From their distinct vantage points, but shared sonic priorities, these two bands seamlessly combine to create a vibrant soundscape. Percussive power interplays with spectral melodies and dark dance-orientated programming, while a twin-vocal attack combines the otherworldly and enigmatic delivery of Nicola Kuperus with Justin Pearson’s (Swing Kids, Deaf Club) decidedly more visceral contribution.
Justin Pearson and Luke Henshaw of Planet B co-host an excellent podcast ‘Cult and Culture’ and Episode 24 features a really interesting discussion with Adult.
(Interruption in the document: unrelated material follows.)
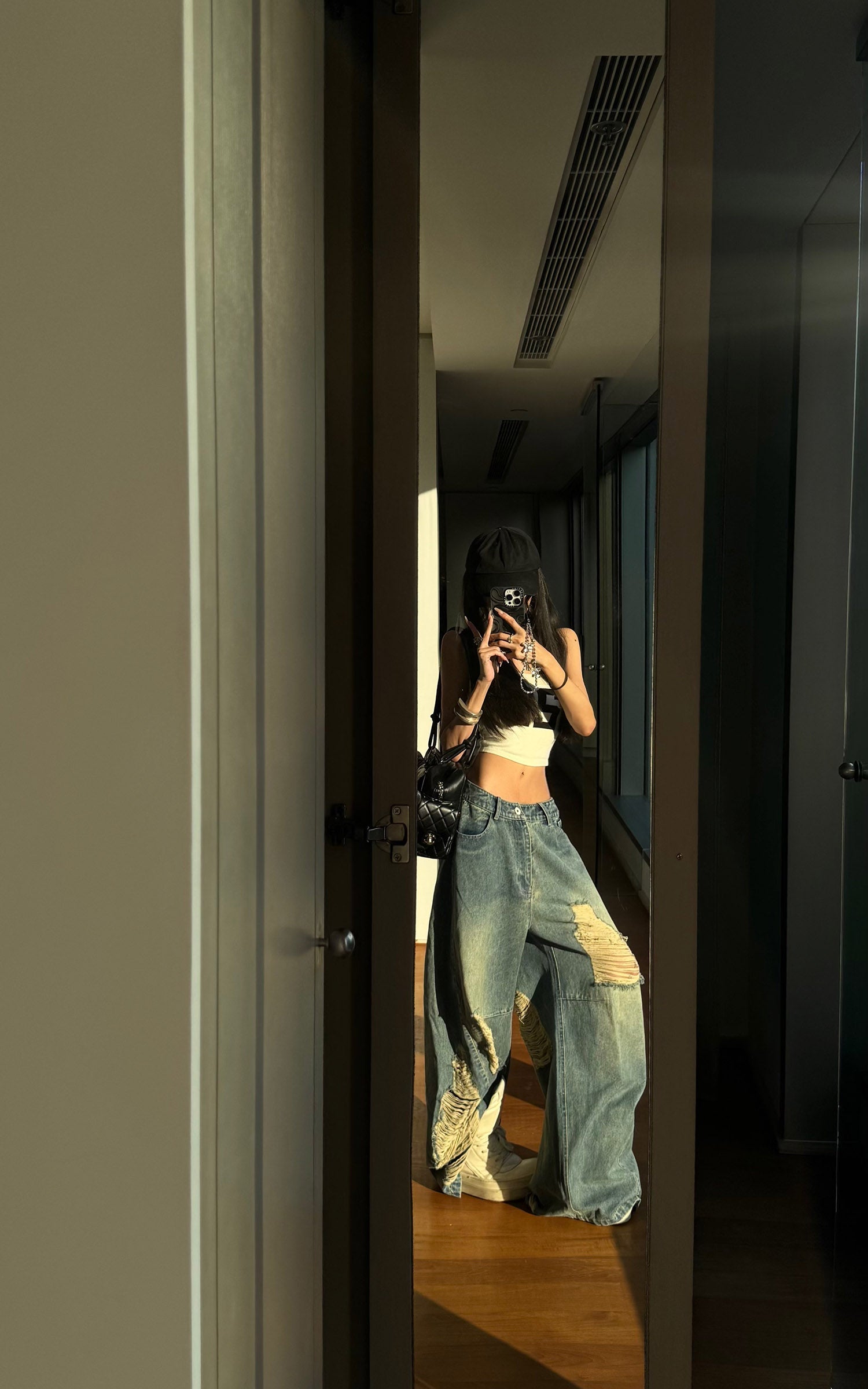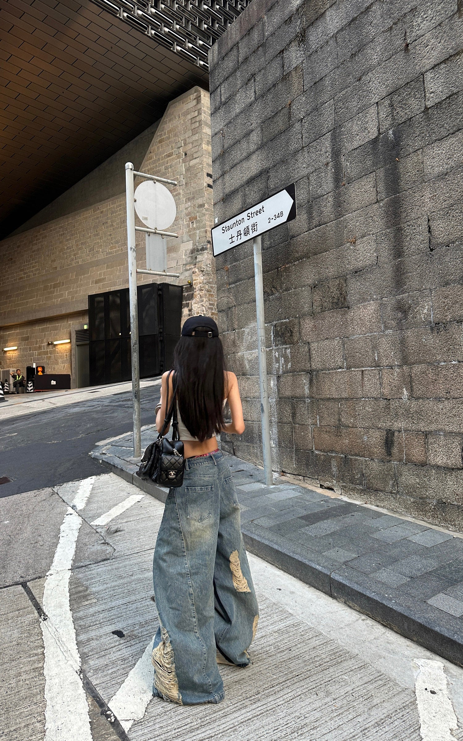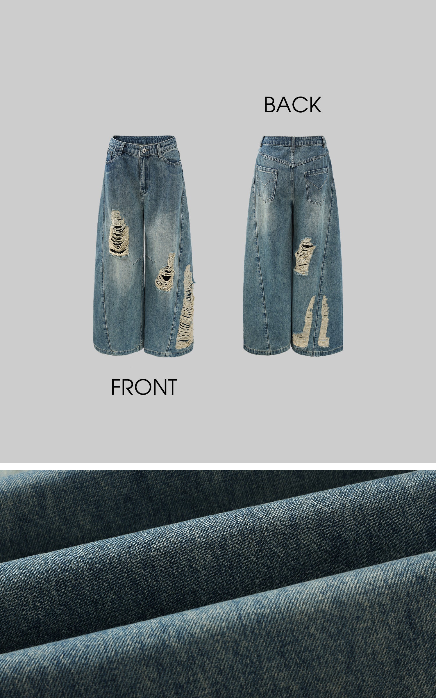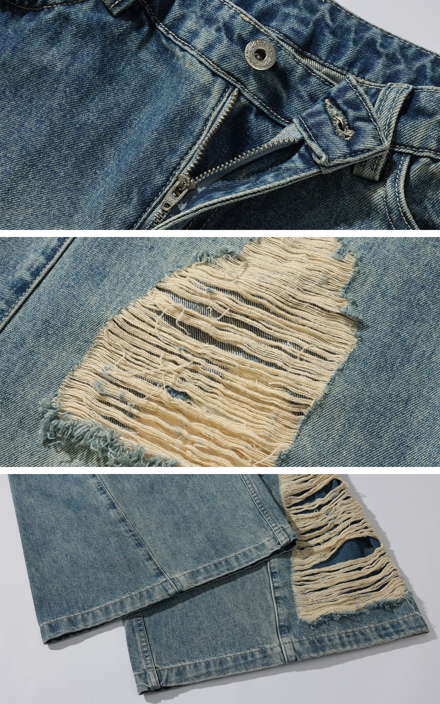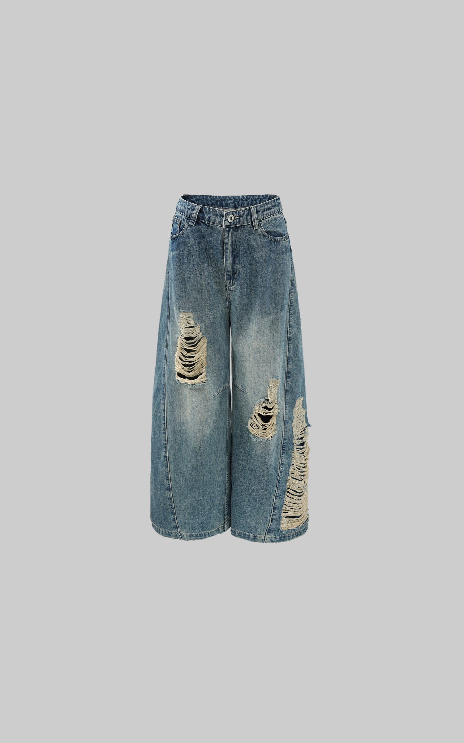 La expresión cruda se encuentra con una silueta diseñada. Estos jeans de pierna ancha están rasgados con cortes deshilachados, exponiendo una capa caótica debajo del denim desgastado. Diseñados con un volumen exagerado y una agresión discreta, cada rasgadura resiste la reparación. No están hechos para durar. Están hechos para resistir.

Justin Pearson (Dead Cross, Deaf Club, The Locust), Luke Henshaw (Sonido de la Frontera), Kevin Avery (Field Day, Retox) and Scott Osment (Deaf Club, Glassing, Volente Beach) formed Planet B with the shared purpose of creating music subversive in sound and sobering in message. Their music lays somewhere just out of reach of genre, with aesthetics rooted in hip hop, hardcore punk, turntablism, and 1970s-1980s horror movie scores. It is catchy, heavily percussive, and eerie all at once, much like the creative output of dark dance duo Adult, a pair that seek to harness “the perverse aspects of the late 1970s analog dystopian post-modernism.” These artists’ bodies of work mirror one another in form and function, and both Release Me and Glass in The Trash encapsulates the ethos of both, allowing the duos’ similar mindsets to collide. Nicola Kuperus’s hypnotic vocals add an occult aura, mysteriously alluring and supernatural, pulsating and equally intense alongside Pearson’s aggressive style. Henshaw and Adam Lee Miller’s sampling, sequencing and synthesizing entangle and diverge seamlessly, providing dance-driven soundtracks fit for an apocalypse. Both tracks ebb and flow, pull and push, begs to be released and yet remains throbbing in your head long after it ends.